Chocolate boom helps Cadbury beat market expectations

By Guy Montague-Jones

- Last updated on GMT

Related tags: Strike action, Investment, Trade union, Cadbury

Buoyed by strong second quarter chocolate sales, Cadbury has beaten market expectations for the first half of the year.

In constant currency terms, sales were up 4 per cent for the year half to £2,767m, while chocolate sales increased 10 per cent.

Bernstein Research analyst Andrew Wood said the results were ahead of expectations. He said: “After a lacklustre start to the year, these results indicate that the weak Q1 sales performance was a one-off.”

“There was strong Q2 organic growth (6 per cent), showing a significant acceleration over Q1 (2 per cent) helped by continued good performance in the emerging markets (8 per cent in Q2).”

Cadbury said emerging market growth was “very good”,​ especially in India and South Africa. This growth helped offset weaker figures from Europe.

Stay at home culture

The UK was an exception to this trend, as sales improved thanks to what the company referred to as the growing stay-at-home culture. Buttons and Wispa were a couple of the strong performers in the country.

Sales of gum and candy, trailed behind chocolate, but Cadbury said figures improve in the second quarter, particularly in the US.

Margins also improved helping underlying operating profit climb 19 per cent in constant currency terms to £319m.

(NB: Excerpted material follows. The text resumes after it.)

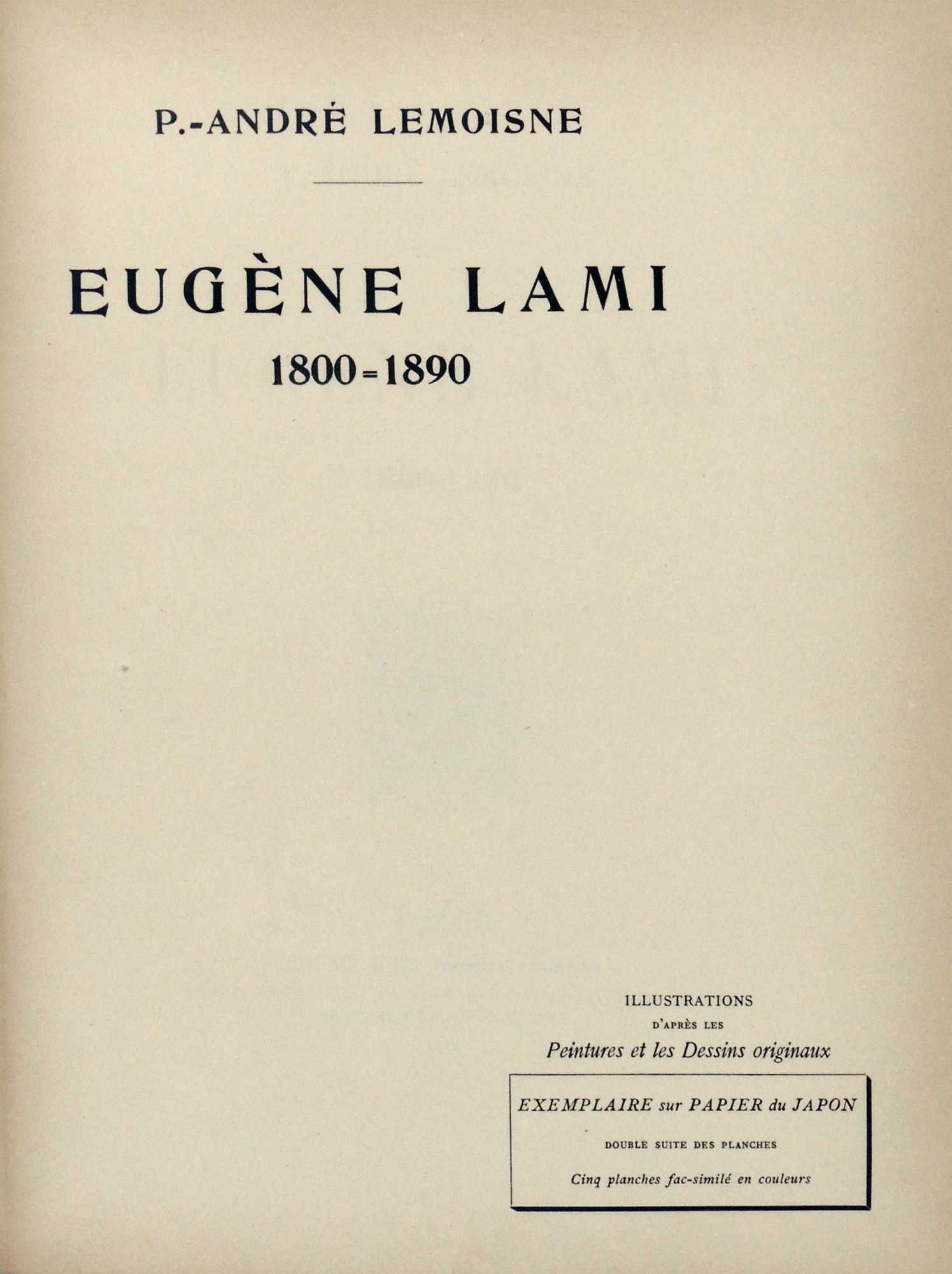 Paris: Goupil & Cie, 1912. Hardcover. Very Good -. Hardcover. Number 8 of 75 copies on Japanese paper. This sumptuous book recounts the life and work of Eugene Lami, the famed French painter, illustrator, and designer. It is extensively illustrated throughout with double plates of each of the works. Each is protected by a tissue guard. In full brown leather with ornate gilt ornaments decorating the covers. There are four raised bands on the spine with gilt decorations, author, and title. Light scuffing, bumping, and tear to top of spine along joint along with missing leather where label was removed. Unfortunately this heavy ex-library book's binding is detached from the text block. The free front endpaper is torn as is the half title. Ex-library although library markings are relatively unobtrusive, with an ownership stamp on the verso of the original cover bound in, small ink numbers on verso of title page and scraping to the rear free endpaper where sign-out card removed. The interior of the book is otherwise in very good condition. With the bookplate of Courtland Bishop (1870-1935) the pioneer U.S. aviator, autoist, traveler, and noted book collector. Price reflects flaws. In French. Folio volume with 206 pages plus plates. Heavy volume may require extra postage. ART/031419.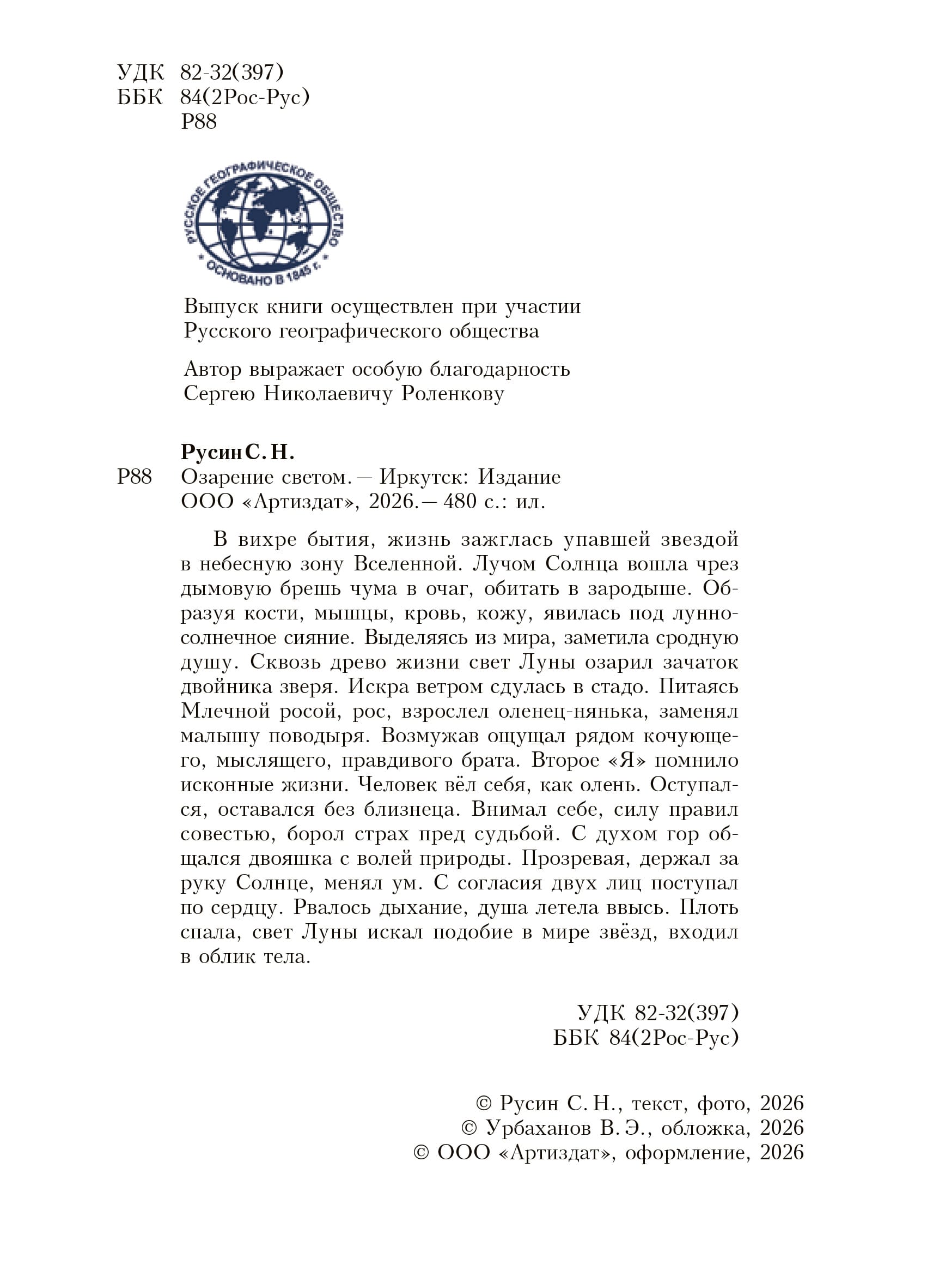 Русин С. Н. Озарение светом.—Иркутск: Издание ООО «Артиздат», апрель 2026.—480 с.: ил. Тираж 200 экз. Иллюстрированное полноцветное издание. Выпуск книги осуществлен при участии Русского географического общества.

On the back of the encouraging first half of the year, Todd Stitzer, CEO, confirmed the outlook for the full financial year. He said: “Looking forward for the year as a whole, given the continuing economic uncertainty, we reconfirm our guidance to deliver revenue growth around the lower end of our 4-6 per cent goal range.

“In addition, we now expect to deliver a full year margin increase of between 80-100 basis points in constant currency.”

Cost cutting

To achieve margin improvements, Cadbury has put in place a number of cost saving initiatives. Marketing expenditure was a recent target. In the first half of the year, spending on marketing fell to 10.7 per cent as a percentage of sales as opposed to11.6 per cent a year earlier.

Since 2007, the chocolate company has also closed some factories and cut jobs in order to improve efficiency and cut costs. The trade union Unite claims these savings and the company’s profit growth have been achieved at the expense of its workers.

This weekend workers at the company begin voting on strike action. Unite claims that Cadbury broke a three year pay deal and organised a protest earlier this month to voice its disquiet. The ballot on industrial action will run to 18 August.